In the first example using paging, the finder() method gets called just once (for the start address). However, in this example with folder/sub-folders, the finder() method gets called 2,001 times - once for the start address (e.g. the root folder) plus another occurrence for each of the sub-folders. This breaks down the overall enumeration into smaller buckets allowing enumeration and the crawl to scale well beyond a couple of million items in the folder.

With an external source like a DB, the solution is the same, but it's not as obvious how to create the sub-folders. For this, you need to identify a non-nullable and non-unique property to "group by" and emit a container link for each of these "group by" values (this is analogous to emitting the links for each of the sub-folders in the previous example). Then, each of these sub-containers can be enumerated separately allowing the crawl to scale for tens-of-millions of rows in a single table (and feasibly, hundreds of millions... but I hesitate to make that blanket statement without seeing the particular case).

From MSDN "Enhancing the BDC model file for Search in SharePoint 2013"…

The section Enumeration optimization when crawling external systems For BCS describes the same recommendation with the note: "Do not enumerate more than 100,000 items per call to the external system.
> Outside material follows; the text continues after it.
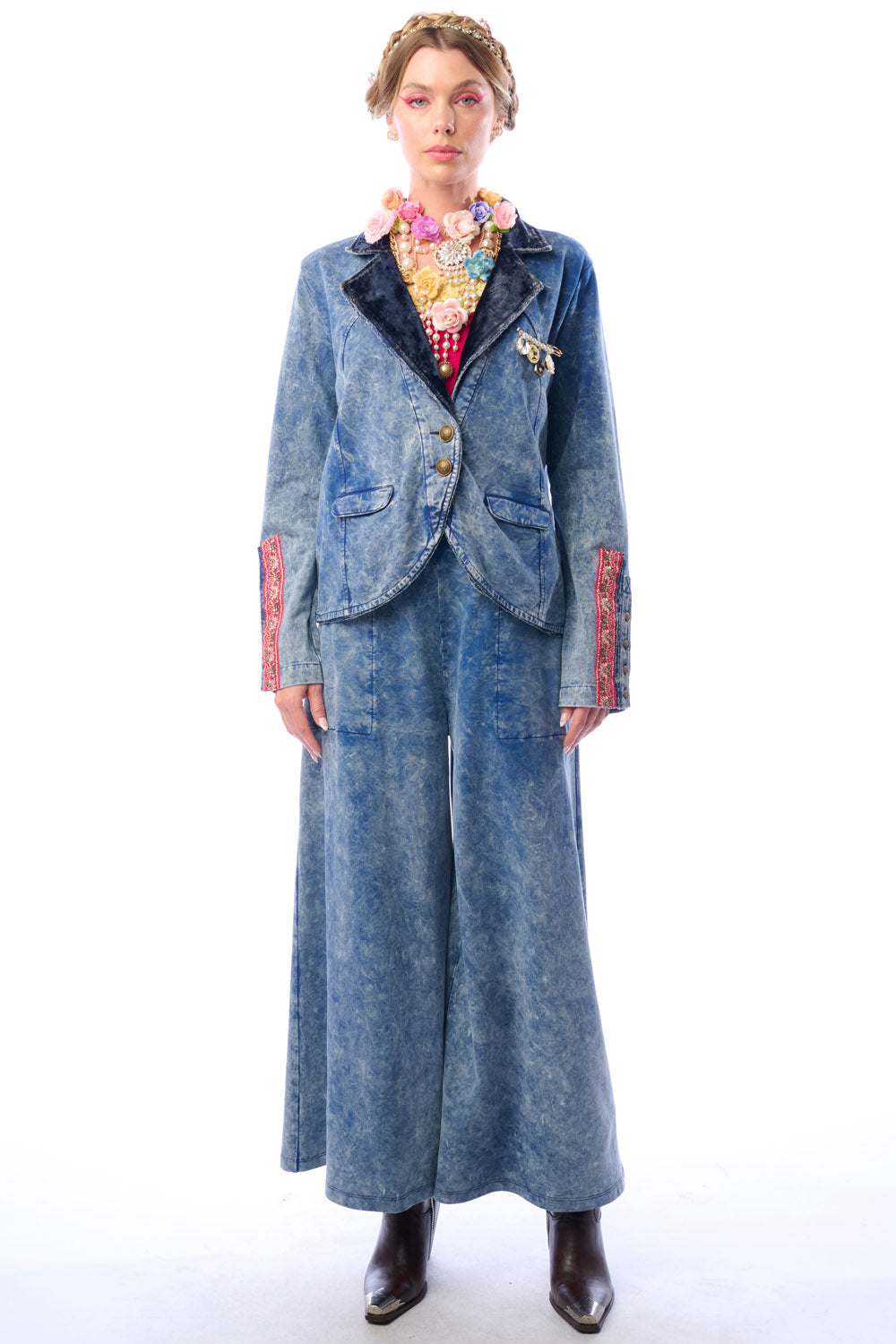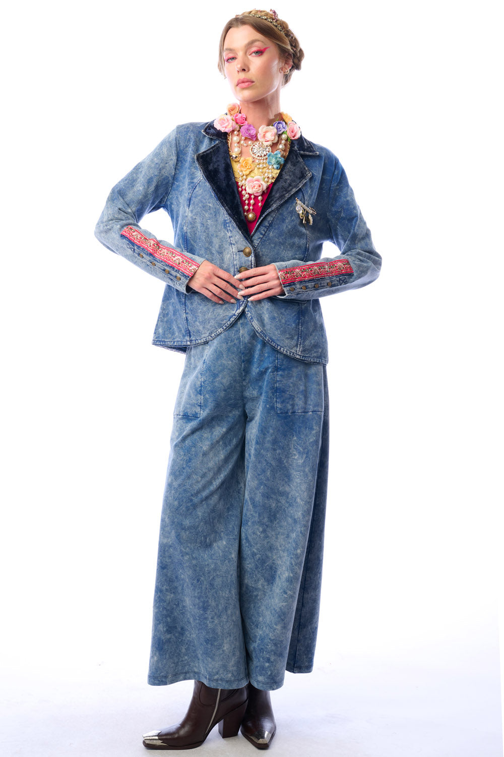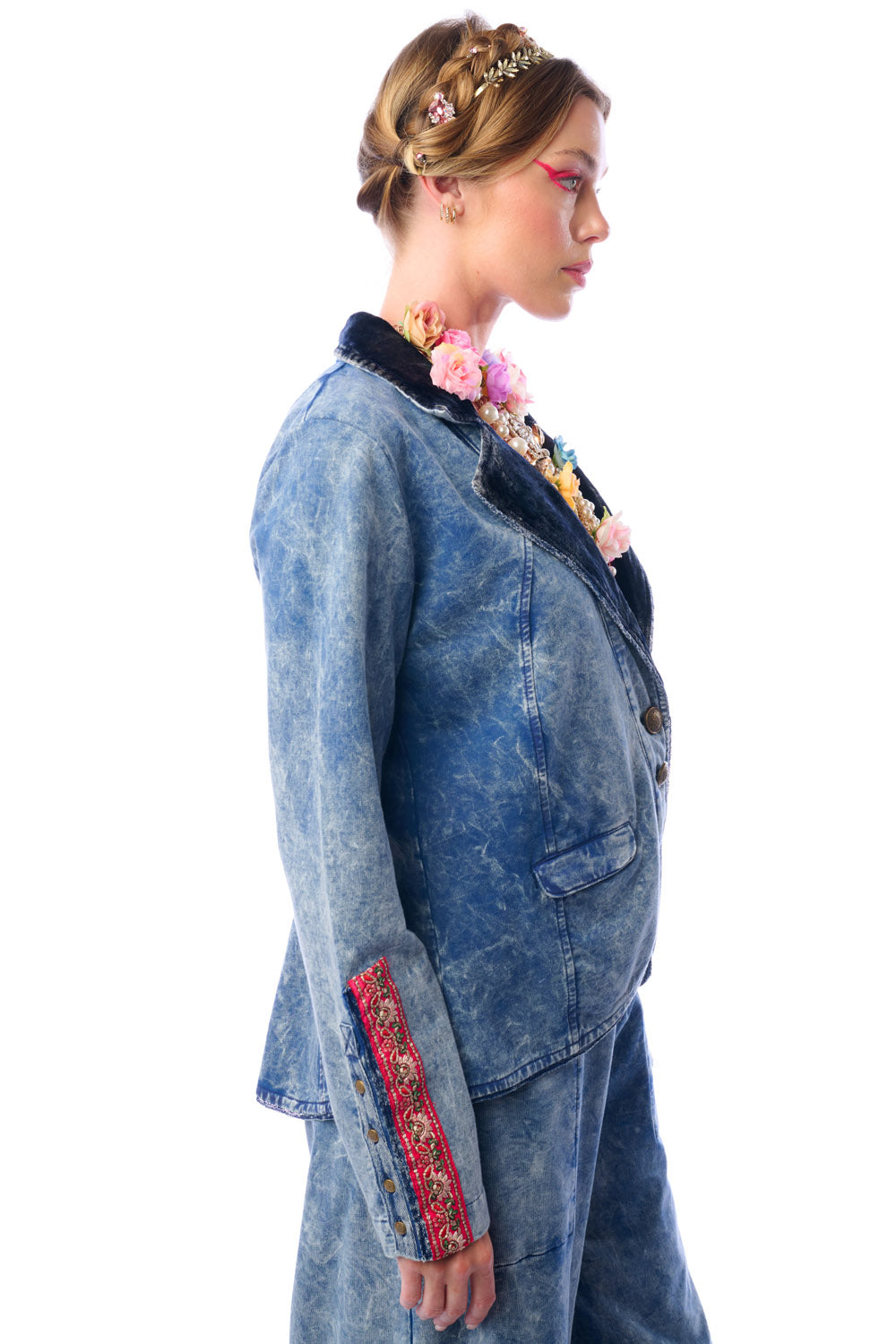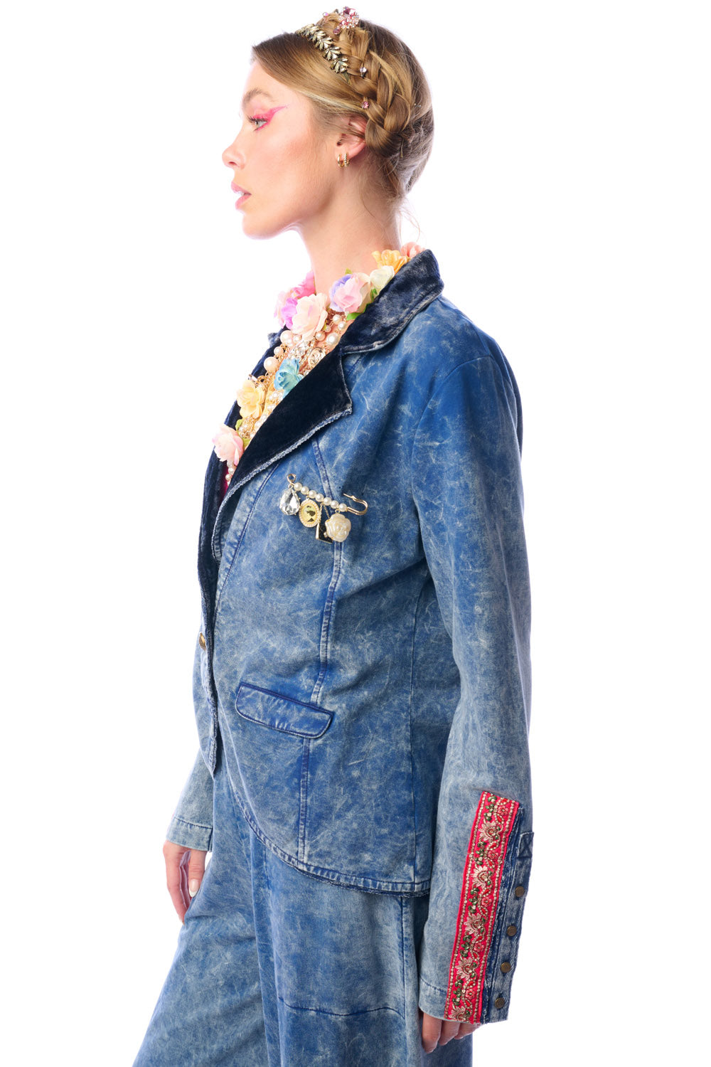 - Washed French terry button-up blazer, embroidered trim sewn on the sleeves, front left with decorative pearl crystal pin, 2 front flap pockets, 2 front metallic buttons

Long-running enumerations can cause intermittent interruptions and prevent a crawl from completing. We recommend that your BDC model structures the data into logical folders that can be enumerated individually"

Implementing the Proof-of-Concept

Below shows my sample table and sample data. In this, my SegmentID column was used as my GroupID where most groups had 25,000 items each (*there are a few groups with less than this) for a total of about 21.5 million rows.

With the out-of-the-box Connector, enumeration was defined to identify ALL rows in this table and then emit a URL for each row back to the MSSCrawlQueue. This was leading to VERY long enumerations taking >60 minutes to complete and causing timeouts/failures (hangrecoverer.cxx(189) condition: !"Crawl hangs"). Even with batching implemented, all of the items were tied to a single item (e.g. the start address URL) and made no impact on how the links were emitted back to the Search Gatherer (e.g. stored in the MSSCrawlQueue) as demonstrated in the first example.

In the proof-of-concept Connector, ~860 links – one for each Group – got emitted back to the MSSCrawlQueue within 30 seconds as seen below:

These links to each Group (*folder) items are built using the Segment IDs returned from the following query:

SELECT Distinct [SegmentId] FROM [bpBCSdemo].[dbo].[TPSReportStore]

Assuming the root URL (e.g. the start address for the content source) has a value of "1" for DocID as below, you could use the following SQL to see the Group URLs:

SELECT DocID, ParentDocId, AccessURL

FROM [SSA_CrawlStore].[dbo].[MSSCrawlURL]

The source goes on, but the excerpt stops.